Daily single — testing guide

This page explains every kind of test used in the daily single video pipeline: what it checks, when to run it, and where results are saved. Written for operators and contributors — no need to read the Python source first.

Three layers

┌─────────────────────────────────────────────────────────────┐
│  Layer 1 — Unit tests (pytest, no video project required)   │
├─────────────────────────────────────────────────────────────┤
│  Layer 2 — Modular QA (validate-qa / video_qa stages)       │
├─────────────────────────────────────────────────────────────┤
│  Layer 3 — Legacy publish gates (validate-sync, validate-all)│
└─────────────────────────────────────────────────────────────┘

Run Layer 1 after code changes. Run Layer 2 after each pipeline phase. Run Layer 3 before upload — or rely on stage s10-final-composite, which runs the same checks.

Layer 1 — Unit tests (pytest)

Fast, offline tests.
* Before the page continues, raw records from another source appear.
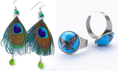 טבעת עם תמונה של בירה נשר למותג "KOTIK", מחיר 55 שקל; עגילי נוצה למותג ZOZI, מחיר 99 שקל (במקום 150). צילומים: יסמין ואריה צלמים, זהבית אברהם
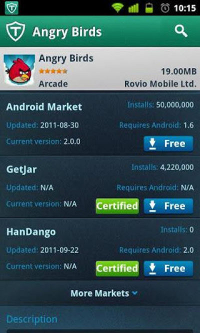 2.安全的应用程序搜索:搜索和下载应用程序的心态,因为他们知道自己有过气政客精心扫描我们的安全实验室团队的和平。TrustGo提醒潜在的恶意内容下载前;
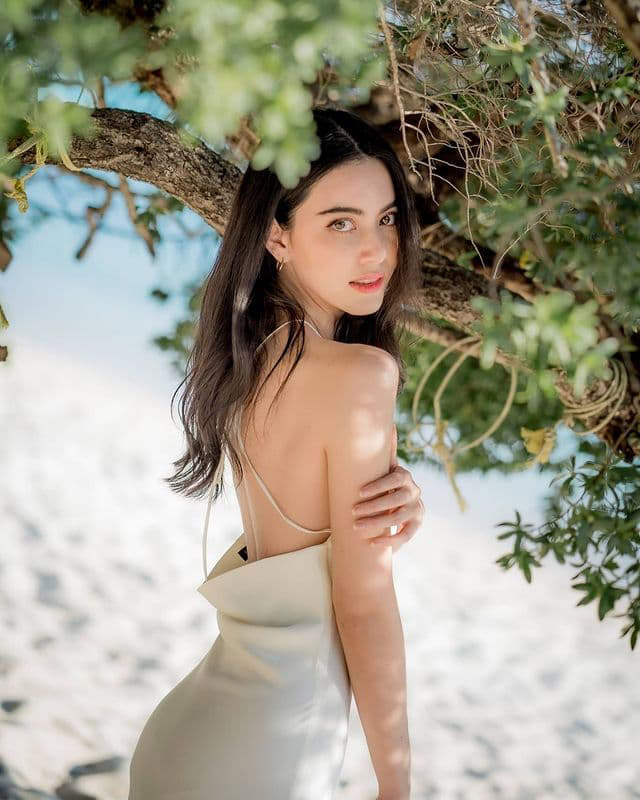 Mai Davika 选择了一条好看的露背长裙去海边
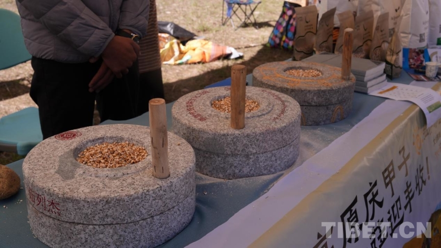 圖為茹列杰展銷(xiāo)點(diǎn)展示的磨糌粑用的石磨
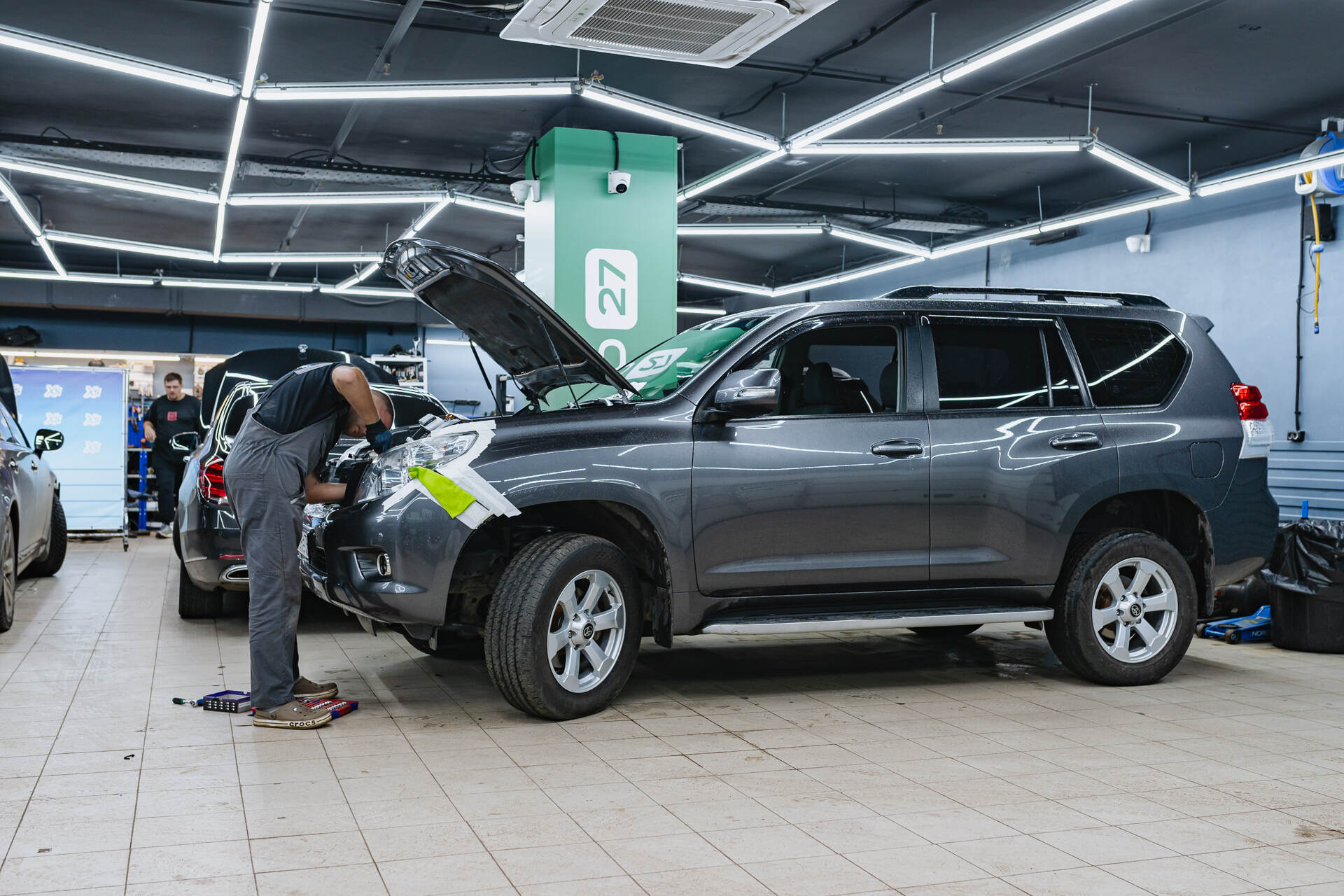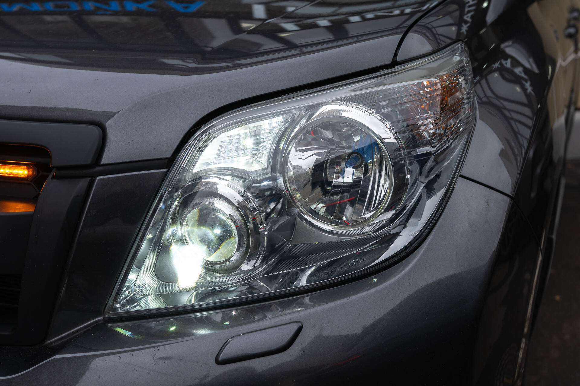 Исходный свет до замены линз и демонтаж фар с автомобиля.В рамках данного проекта мы заменим штатные ксеноновые линзы в фарах Toyota Land Cruiser Prado 150 (2010) на мощные светодиодные модули Vision Avantgarde, создающие интенсивный световой поток температурой 4800K. В момент обращения головной свет был довольно слабым, что, само собой, вызывало у водителя ощутимый дискомфорт во время ночных поездок. В дальнейшем интенсивность света продолжала бы только снижаться вплоть до полного истощения — это и есть естественный процесс выгорания оптики, который неизбежен для любых штатных линз. Важно осознавать, что линзы являются расходным материалом, поэтому рано или поздно, в зависимости от интенсивности эксплуатации транспортного средства, их потребуется менять.

No API keys required for the core QA module tests.

conda activate test
cd /path/to/praisonaippt

# Minimal — video_qa module only
pytest tests/test_video_qa.py -q

# Full daily_single suite
pytest tests/test_daily_single_display_sync_unit.py \
       tests/test_daily_single_sync_validation.py \
       tests/test_daily_single_hook_montage.py \
       tests/test_daily_single_media_sync.py \
       tests/test_daily_single_visual_audit.py \
       tests/test_daily_single_youtube_quality.py \
       tests/test_daily_single_captions.py \
       tests/test_video_qa.py -q

Test file	What it verifies
`test_video_qa.py`	Stage registry, skip rules, s04/s05/s06 behaviour, VLM cache round-trip
`test_daily_single_sync_validation.py`	Caption script lock, hook structure, sync suite idempotency (mocked)
`test_daily_single_display_sync_unit.py`	Cue → asset keyword scoring, SRT parsing
`test_daily_single_hook_montage.py`	Phrase → hero montage plan, montage validators
`test_daily_single_visual_audit.py`	Pixel similarity thresholds, generic B-roll patterns
`test_daily_single_youtube_quality.py`	Hook stakes, plain language, outro CTA rules
`test_daily_single_media_sync.py`	Handoff inventory, HD video rules
`test_daily_single_captions.py`	Sentence splitting, proportional caption fallback

!!! tip “When to run” Run the full pytest suite before merging changes to praisonaippt/daily_single/ or praisonaippt/video_qa/.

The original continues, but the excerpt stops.